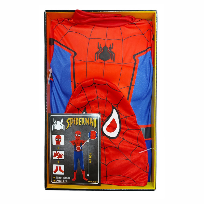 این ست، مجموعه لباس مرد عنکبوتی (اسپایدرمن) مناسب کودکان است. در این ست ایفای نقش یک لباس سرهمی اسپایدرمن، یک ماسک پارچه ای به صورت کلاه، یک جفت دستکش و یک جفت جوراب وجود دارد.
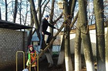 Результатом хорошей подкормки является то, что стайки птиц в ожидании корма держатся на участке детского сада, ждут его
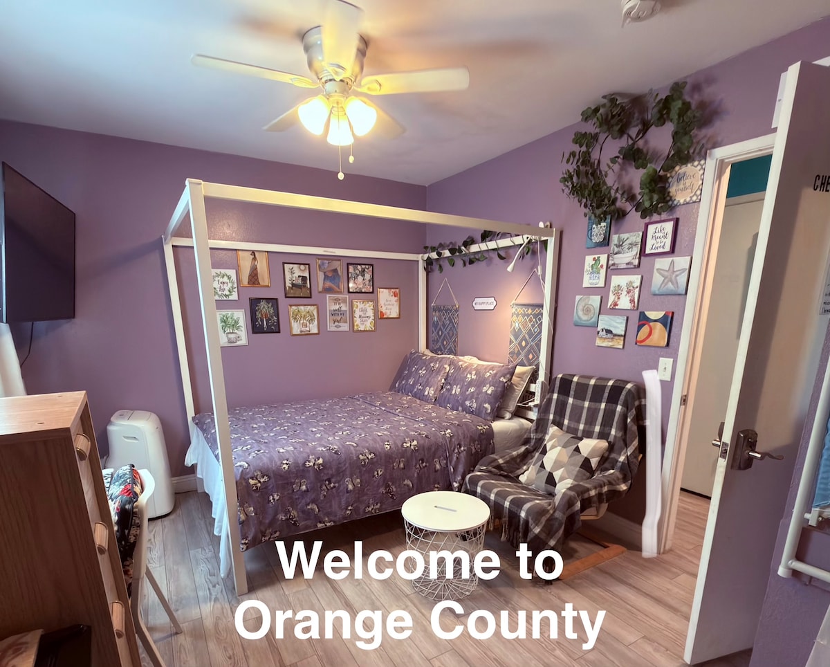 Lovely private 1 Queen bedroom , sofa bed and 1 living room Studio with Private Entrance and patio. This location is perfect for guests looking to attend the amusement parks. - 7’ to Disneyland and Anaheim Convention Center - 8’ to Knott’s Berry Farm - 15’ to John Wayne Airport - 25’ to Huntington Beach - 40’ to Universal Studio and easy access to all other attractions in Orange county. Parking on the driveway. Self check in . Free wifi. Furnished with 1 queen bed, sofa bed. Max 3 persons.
...
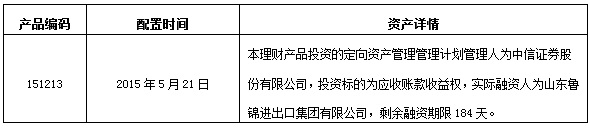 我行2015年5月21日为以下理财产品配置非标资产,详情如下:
---
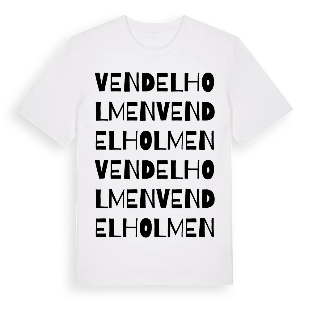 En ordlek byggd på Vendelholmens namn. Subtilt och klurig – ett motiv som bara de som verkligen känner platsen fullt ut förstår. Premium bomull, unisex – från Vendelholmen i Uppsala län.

> [Exercise requirements] Look above for the line with "این ست، مجموعه" and the line with "Результатом хорошей подкормки". Copy them and every line between, exactly, but no pictures.

> [Exercise answer]
 این ست، مجموعه لباس مرد عنکبوتی (اسپایدرمن) مناسب کودکان است. در این ست ایفای نقش یک لباس سرهمی اسپایدرمن، یک ماسک پارچه ای به صورت کلاه، یک جفت دستکش و یک جفت جوراب وجود دارد.
 Результатом хорошей подкормки является то, что стайки птиц в ожидании корма держатся на участке детского сада, ждут его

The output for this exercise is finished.